Our first stop was actually a yard, at the far end of which was an open oven where people were baking empenadas - hot bread filled with melted cheese, tomato and onion. Delicious!

Then it was browsing time again - and, of course, fending off the mendicant vendors of shawls, sweaters, shirts, jewellery, ceramics, etc. One of the adobe cubicles housed an art shop boasting watercolours of Incan symbols, folkloric masks and demons. [CENSORED: forename] again fell prey to temptation here, and much of our free hour was spent in negotiating a good price for a watercolour of a carnival mask, part of which represents a condor.

Outside, I found silver lizard earings for Alison - her Nazca zodiac sign. So those may replace the llamas - or possibly complement them. We bought chimes too.

The sun shone bright on the market bustle - a clear, warm day in the middle of winter. We have to use moisturiser and suntan lotion freely in this dry climate - and chapstick for cracked lips. Still, the Incans regularly lived to 75-80 years, so it can't be too bad!

After the markets, we drove on some more miles, the Brazilians singing merrily, till we stopped at a roadside restaurant (one of many) for a buffet lunch. I had soup and a chicken kebab for the second day running, washed down by green, bubblegum-tasting Inka Cola. Once more we were regaled by a group who added the novelty of a double bass to the usual drums, pan pipes, charanga and guitar. We wandered afterwards down to the banks of the Urubamba to take a photograph, braving a host of squealing piglets and a few protective sows.

After lunch it was swiftly on to our ultimate destination - Ollantaytambo - another poor village which happens to lie in the shadow of a magnificent Inca ruin. It seems to have served a dual purpose as a temple and fortress. The temple area lies on top of a great series of stone terraces, built for vegetation - nitrogenous root vegetables at the top helped fertilise maize and corn on the terraces below. When you climb - breathless - to the summit, the cultivated fields below still preserve the shape of a pyramid leading to an apex at the site itself. On top huge boulders, snugly fitted one to another, show faint traces of a carved sun and carved puma. The boulders were rolled from the mountains opposite and carved into shape. To cross the Urubamba an artificial island was created - the river was blocked in one channel for the boulders to roll onto the island, then the channel was opened and the other channel blocked for it to roll off. The island is visible still, far down the river.

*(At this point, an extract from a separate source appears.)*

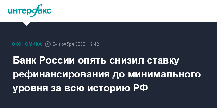 Москва. 24 ноября. INTERFAX.RU - С 25 ноября 2009 г. Банк России снижает ставку рефинансирования и процентные ставки по отдельным операциям Банка России на 0,5 процентного пункта. ЦБ РФ в этом году снижает ставку рефинансирования девятый раз.

It was all a bit overwhelming. The mystics in the group had hived off to perform some ritual together, but sitting amidst the ruins, looking down the Urubamba I did feel the need for something approaching meditation - some minutes of silence and peace to take it all in.

After a while, I rejoined the group and we worked our way down through more terraces and ruins. At the foot of the hillside, a natural spring which had been hitherto channelled underground (to avoid the risk of poisoning by rival tribes) still bubbled to the surface and was led down stone irrigation channels.

Amazingly, the temple was never finished. Around a hundred and sixty Spaniards attacked it, but despite their defeat there, the empire was already crumbling. Today the village is still achingly poor - we were led down its narrow streets to visit one of the dark, smoky one-room houses, decorated by a niche in the wall which visibly contains the skulls of the family's ancestors - tokens of good fortune. The one-room houses also contain litters of guinea-pigs, the staple meat diet, and piles of multi-coloured corn-cobs. The houses give onto an interior courtyard, full of children and free-range hens.

Ayun, our guide, then took us to the small town square where he persuaded a young woman in traditional dress to sing us two Quechua songs for the reward of a few solas. She obviously does this for the busloads of passing tourists but still managed to seem shy and giggling. As well as entertaining us, she drew a small crown of gawping children and sceptical local adults.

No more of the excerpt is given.